As these behaviors are often interesting to study and analyze, cyclic data becomes as popular as the behavior it models. The data is acquired no differently than acyclic data; its cyclic nature is only determined when analyzing the data. Often the data is compiled into a time series in which the data is cyclic with respect to time. However, the data may be cyclic with respect to space (e.g., waves are cyclic with respect to both space and time) or any other variable. 

Ever more frequently, interesting data is multivariate, that is, varying in multiple dimensions. Cyclic data is no exception. Consider each of the examples in the paragraph above. Many variables may be associated with each cycle. We may be interested not only in an ocean wave's position with respect to time, but also its amplitude, velocity, temperature, and salinity, some of which may also be cyclic. Multivariate data may have variables cyclic with respect to the same dimension, or may have variables cyclic with respect to different dimensions, or may not be cyclic at all. If cyclic with respect to the same dimension, variables still may be out of phase or have different cycle lengths, or periods. (See Figures 1-3.) 







Previously, data of this cyclic multivariate type, or cyclic univariate data for that matter, were visualized like any other data. The data would simply be graphed or rendered without regard to its cyclic nature. An electrocardiogram is a good example of this. (See Figure 4.) Any correlations between data of adjacent cycles would have to be visually compiled by the viewer. While somewhat effective for small univariate data sets with well-defined cyclic nature, this method fails when applied to large multivariate data sets of unknown or mixed periodicity. Such data is found in a variety of disciplines previously mentioned. 
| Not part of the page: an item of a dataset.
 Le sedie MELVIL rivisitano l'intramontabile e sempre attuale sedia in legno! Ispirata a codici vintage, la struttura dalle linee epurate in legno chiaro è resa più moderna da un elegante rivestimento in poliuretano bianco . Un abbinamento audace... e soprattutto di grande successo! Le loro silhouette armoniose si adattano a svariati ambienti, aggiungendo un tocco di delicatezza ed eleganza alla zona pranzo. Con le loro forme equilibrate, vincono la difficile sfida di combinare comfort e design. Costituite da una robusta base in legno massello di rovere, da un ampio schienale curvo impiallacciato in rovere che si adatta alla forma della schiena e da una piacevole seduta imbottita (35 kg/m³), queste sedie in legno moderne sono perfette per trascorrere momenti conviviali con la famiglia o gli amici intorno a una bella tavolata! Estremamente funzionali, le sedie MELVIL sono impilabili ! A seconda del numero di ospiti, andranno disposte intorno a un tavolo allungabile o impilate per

With the increasing occurrence of cyclic multivariate data, and a striking lack of effective techniques for visualizing it, new visualizing techniques are needed to address this data type. 


Background 

Detection 

Unless the cycles are explicit in the data set, some analysis of the data must be performed to determine the cycles. Cycle detection in fact is auxiliary to the goal of this thesis, but it is a crucial process. If the detection phase yields cycles that are inaccurate, we cannot hope to visualize the original data effectively, regardless of how elegant the visualization is. 
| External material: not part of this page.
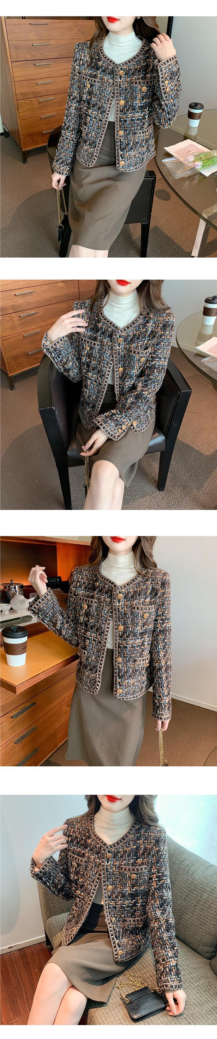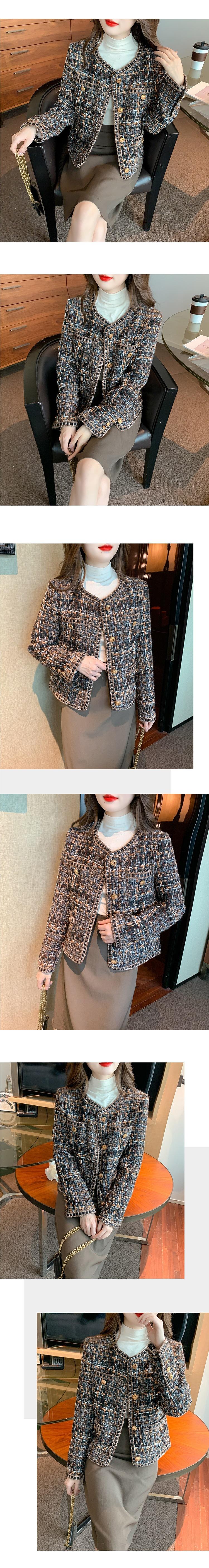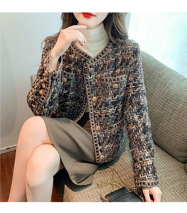 Foto Real Otoño e Invierno 2025 Abrigo Estilo Chanel para Mujer Combinable Estilo Occidental Marca de Moda Top Corto de Tweed de Cintura Alta

Much research has been done concerning cycle detection, also known as periodic correlation. A survey of some of this work has been conducted. One or more of the methods surveyed will be incorporated into the automatic cycle detection mechanism described later in this thesis proposal. I will draw upon the work of Helmut Mayer [Mayer93], H.B. Hwarng [Hwarng95a,b], Bloomfield, et al. [Bloomfield94], Wikle, et al. [Wikle95], and Wang, et al. [Wang93]. 

Visualization 

A significant amount of research has been conducted in the area of multivariate data, especially within the last decade. Cyclic data has received much less attention, although some examples of how to enhance the display of cyclic data has been found. To the best of my knowledge, visualization of data that is both cyclic and multivariate has received no attention at all, which is the impetus for this thesis work. 

Various methods for visualizing multivariate data have been integrated into a single software package by Matthew Ward [Ward94]. These include scatter plots, star glyphs, and dimensional stacking. The package also includes an n-dimensional brushing tool, improved upon by Allen Martin [Martin95]. This software is publicly available and will provide a basis for experimentation with cyclic multivariate data. 
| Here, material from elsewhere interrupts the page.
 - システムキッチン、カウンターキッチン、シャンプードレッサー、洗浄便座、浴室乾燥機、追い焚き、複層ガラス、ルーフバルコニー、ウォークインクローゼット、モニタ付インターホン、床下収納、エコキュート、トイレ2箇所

A few interesting visualizations of cyclic data were discovered during the research of this topic. The first (Figure 5), attributed to Antonio Gabaglio, illustrates low-dimensional multivariate data with time spiraling from the center outward, the period being one year [Tufte83]. The second (Figure 6), from the same source, is attributed to Jacques Bertin. He shows a spiraling representation of univariate data, as well as a stacking of cycles on top of one another. Finally (Figure 7), circular histograms were detailed by Fisher, which do not preserve the cycle number, but do effectively summarize the intra-cycle relationships of the univariate data [Fisher93]. 







Viewers of cyclic data have long settled for visualizations that depend on the human vision system to detect patterns. Such a visualization might have time on one axis, like the electrocardiogram. Nelson Max, et al., describe a four-dimensional visualization with this property [Max93]. The viewer must scan the visualization to decide if the data looks cyclic, and then scan the adjacent cycles to see what change occurred on a cycle-by-cycle basis. While the human vision system is in general well suited to this task, it only works locally, not globally. If the data set is large, the system breaks down, as we can only distinguish change over adjacent cycles, rather than all cycles. Notice the difference between each representation of the data in Figure 6. The inter-cycle changes are easily detected for all cycles in the second and third representations, whereas the first representation offers no such help. Multivariate data only adds insult to this injury, as the scanning must be done for multiple dimensions unless there is sufficient prior knowledge of the data set to expedite this process. 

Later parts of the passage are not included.